Having located the line with "Paradetes a ple rendiment", repeat it and all remaining lines of the records exactly. Pictures do not belong in the answer.

[Saved data entries]

◇ ◇ ◇ ◇ ◇

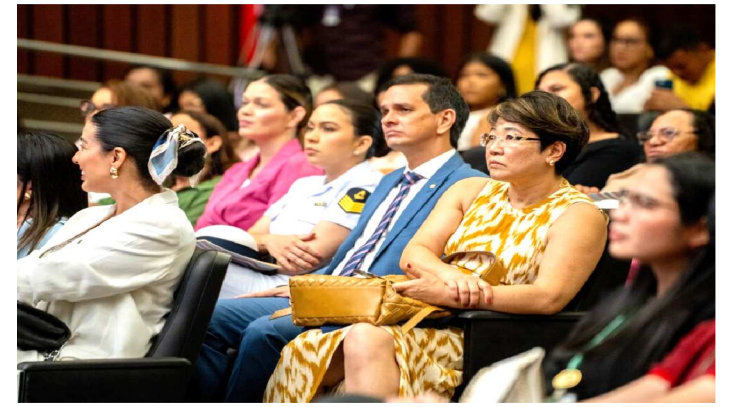
ALEMA CELEBROU O DIA INTERNACIONAL DA MULHER

Com essa participação, a FIEMA reforça seu compromisso com a valorização da mulher no setor produtivo e na construção de uma sociedade mais justa e inclusiva.
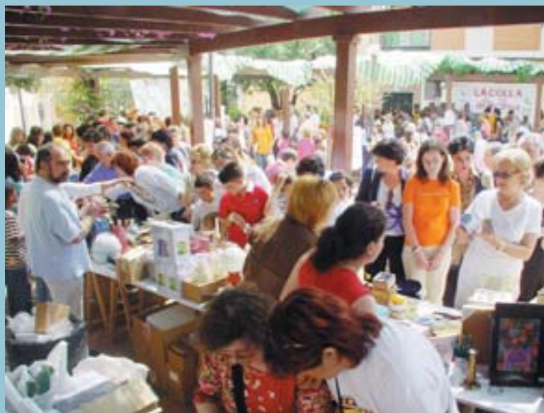
Paradetes a ple rendiment
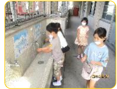
給食前にしっかり洗います
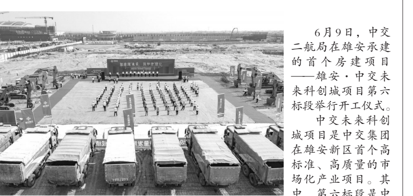
6月9日,中交二航局在雄安新区承建的首个房建项目——雄安·中交未来科创城项目第六标段举行开工仪式。中交未来科创城项目是中交集团在雄安新区首个高标准、高质量的市场化产业项目。其中,第六标段是中交二航局在雄安新区中标的首个房建工程,总建筑面积约16.13万平方米。主要建设内容包括商务办公楼、商业楼、住宅楼等。通讯员 李安辉 吴宙 张蕾蕾 邵世有 摄影报道

◇ ◇ ◇ ◇ ◇

- _Answer to this task_
Paradetes a ple rendiment
給食前にしっかり洗います
6月9日,中交二航局在雄安新区承建的首个房建项目——雄安·中交未来科创城项目第六标段举行开工仪式。中交未来科创城项目是中交集团在雄安新区首个高标准、高质量的市场化产业项目。其中,第六标段是中交二航局在雄安新区中标的首个房建工程,总建筑面积约16.13万平方米。主要建设内容包括商务办公楼、商业楼、住宅楼等。通讯员 李安辉 吴宙 张蕾蕾 邵世有 摄影报道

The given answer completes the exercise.